**Data provided**
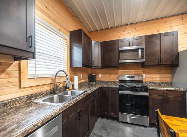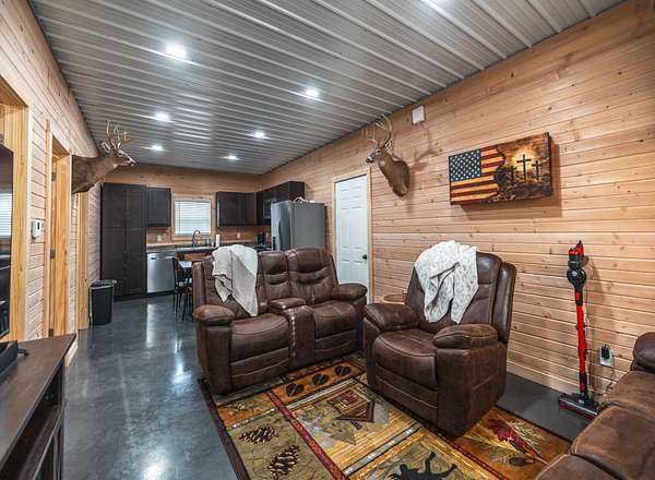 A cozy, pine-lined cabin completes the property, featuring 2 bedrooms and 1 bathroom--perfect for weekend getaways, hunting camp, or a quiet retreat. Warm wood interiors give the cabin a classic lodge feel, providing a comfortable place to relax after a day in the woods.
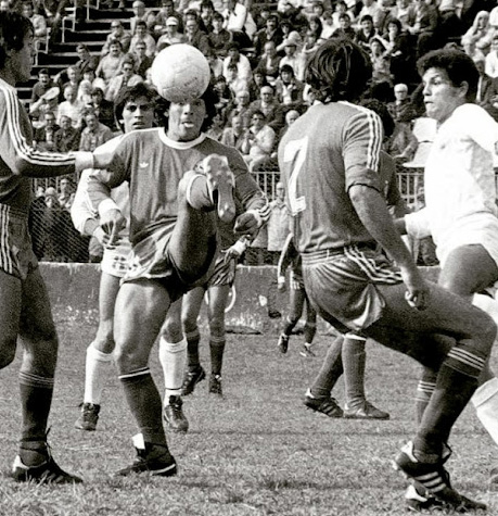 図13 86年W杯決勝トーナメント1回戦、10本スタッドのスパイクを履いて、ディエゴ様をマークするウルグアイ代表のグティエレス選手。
* * *
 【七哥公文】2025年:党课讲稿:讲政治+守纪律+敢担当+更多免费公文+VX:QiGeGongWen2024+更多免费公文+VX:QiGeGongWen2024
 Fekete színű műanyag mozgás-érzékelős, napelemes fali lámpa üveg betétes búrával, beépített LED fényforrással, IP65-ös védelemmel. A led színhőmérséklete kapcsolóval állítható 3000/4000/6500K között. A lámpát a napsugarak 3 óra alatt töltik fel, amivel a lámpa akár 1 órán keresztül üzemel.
---
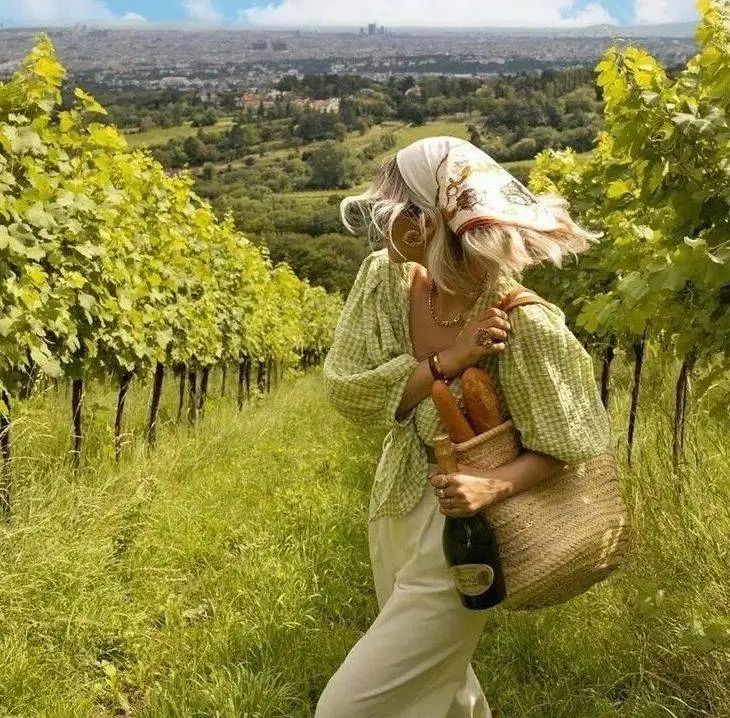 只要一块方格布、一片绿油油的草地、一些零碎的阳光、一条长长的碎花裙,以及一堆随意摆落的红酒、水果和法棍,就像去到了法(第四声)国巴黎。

**Your goal**
Would you output only the span of the records above that opens with the line containing "A cozy, pine-lined" and closes with the line containing "図13 86年W杯決勝トーナ", ends included and pictures dropped?

**The answer**
 A cozy, pine-lined cabin completes the property, featuring 2 bedrooms and 1 bathroom--perfect for weekend getaways, hunting camp, or a quiet retreat. Warm wood interiors give the cabin a classic lodge feel, providing a comfortable place to relax after a day in the woods.
 図13 86年W杯決勝トーナメント1回戦、10本スタッドのスパイクを履いて、ディエゴ様をマークするウルグアイ代表のグティエレス選手。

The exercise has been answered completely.